Implementing a raw interface that has other generic definitions in it

Question

Given the following interface and class:

public interface Interface<T> {
    List<T> get(List<List<Object>> keys);
}

public class Cls implements Interface {
    @Override
    public List get(List<List<Object>> keys) {
        return Collections.emptyList();
    }
}

Results in a compile error:

TypeTest.java:[9,11] error: Cls is not abstract and does not override abstract method get(List) in Interface
TypeTest.java:[12,20] error: name clash: get(List<List<Object>>) in Cls and get(List<List<Object>>) in Interface have the same erasure, yet neither overrides the other

But this works:

public interface Interface<T> {
    List<T> get();
}

public class Cls implements Interface {
    @Override
    public List get() {
        return Collections.emptyList();
    }
}

as does this:

public interface Interface<T> {
    List<T> get(List<List<Object>> keys);
}

public class Cls implements Interface {
    @Override
    public List get(List keys) {
        return Collections.emptyList();
    }
}

I don't understand this behaviour. The type erasure only applies to the type paramter T, does it not? Why does missing out T affect the unrelated List<List<Object>> keys parameter?

Answer 1

You are getting a compiler error in your first example because of the type erasure that occurs with raw types. Section 4.8 of the JLS describes the circumstances under which using a raw type would yield type erasure:

To facilitate interfacing with non-generic legacy code, it is possible to use as a type the erasure (§4.6) of a parameterized type (§4.5) or the erasure of an array type (§10.1) whose element type is a parameterized type. Such a type is called a raw type.

and

The superclasses (respectively, superinterfaces) of a raw type are the erasures of the superclasses (superinterfaces) of any of its parameterized invocations.
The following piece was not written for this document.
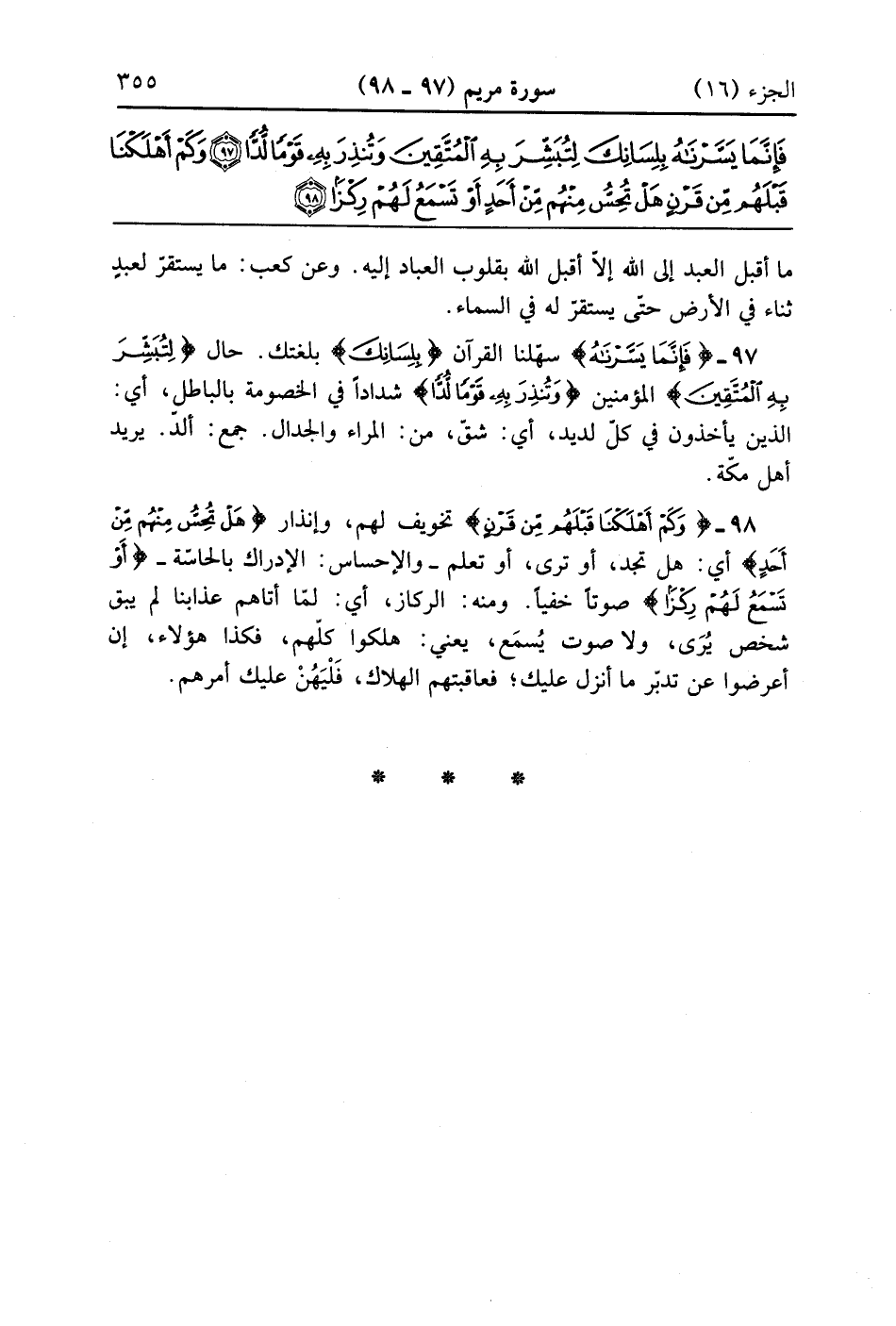 فَإِنَّمَا يَسَّرْنَاهُ بِلِسَانِكَ لِتُبَشِّرَ بِهِ الْمُتَّقِينَ وَتُنْذِرَ بِهِ قَوْمًا لُدًّا (97)

Other clauses in this section also describe how the types of fields, return types of methods, and parameter types of methods are also subject to type erasure.

Moving on to Section 4.6 of the JLS, as referred above:

The type parameters of a constructor or method (§8.4.4), and the return type (§8.4.5) of a method, also undergo erasure if the constructor or method's signature is erased.
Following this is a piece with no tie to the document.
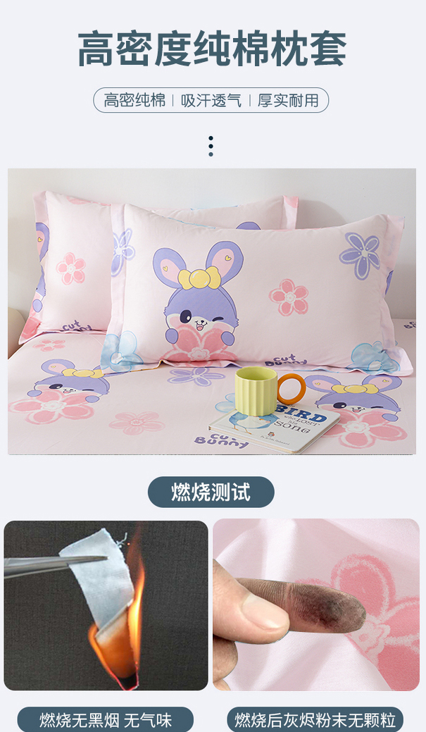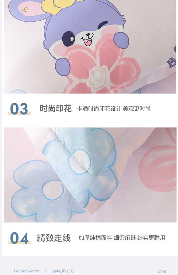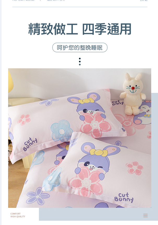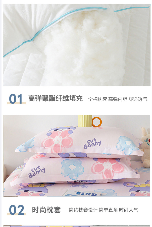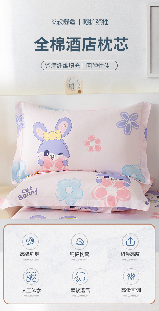 丽美人家纺 2024新款全棉印花单枕套枕芯 粉色兔宠

Therefore, the erasure of the method get is

List get(List);

Your initial example will not compile because the method signature for Cls's get method, get(List<List<Object>>) does not match the raw interface's method, and it doesn't implement the raw interface's get method.

That is also why your second and third examples compile -- they properly override the raw interface Interface.
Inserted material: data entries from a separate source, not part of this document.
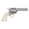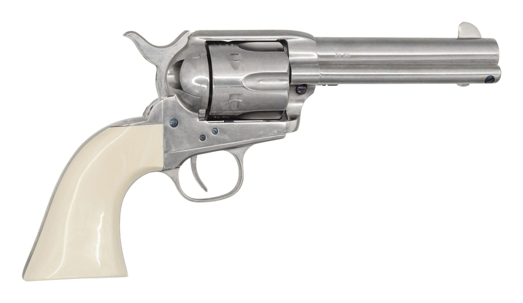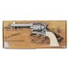 Cal. 45 Colt. S# J75971. Bbl. 4 3/4". Blade front sight. Fixed rear sight. Uberti 0410 Cattleman SAA style revolver. Nickel finish with fire blued small parts. Smooth white colored grips. UNATTACHED ACCESSORIES: matching numbered factory box that shows several tears, with manual. CONDITION: all aspects near excellent. (25-6209/MJC). MODERN. $700-1,000.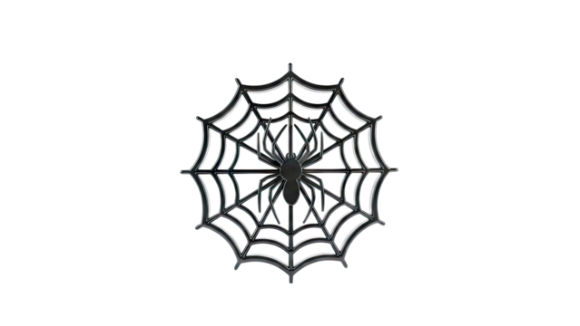 Black spider hanging on a single silk thread, isolated on transparent alpha channel background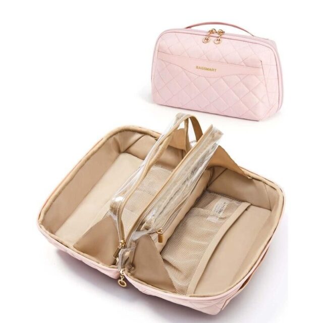With dimensions of 10.4 x 6.1 x 4 inches, this bag is your perfect partner for a week-long trip or everyday use. It’s not just a makeup bag; its versatility extends to being a toiletry bag, travel wallet, tech accessory organizer, and more. Its fashionable design makes it a stylish accessory, no matter where you are.

Incidentally, to override the generic Interface interface without resorting to implementing the raw type, supply a type argument in the implements clause:

public interface Interface<T> {
    List<T> get(List<List<Object>> keys);
}

Implementing it:

class Cls<T> implements Interface<T> {
    @Override
    public List<T> get(List<List<Object>> keys) {
        return Collections.emptyList();
    }
}

Or

class Cls implements Interface<String> {
    @Override
    public List<String> get(List<List<Object>> keys) {
        return Collections.emptyList();
    }
}

Any reference type would work in implements Interface<String>, as long as the type matches the return type in get. The clause implements Interface<Integer> would work with the method List<Integer> get(List<List<Object>> keys).

In short, type erasure occurs for all parameterized types and generic types in a raw class/interface, regardless of whether they are related to the generic type parameters declared on class/interface.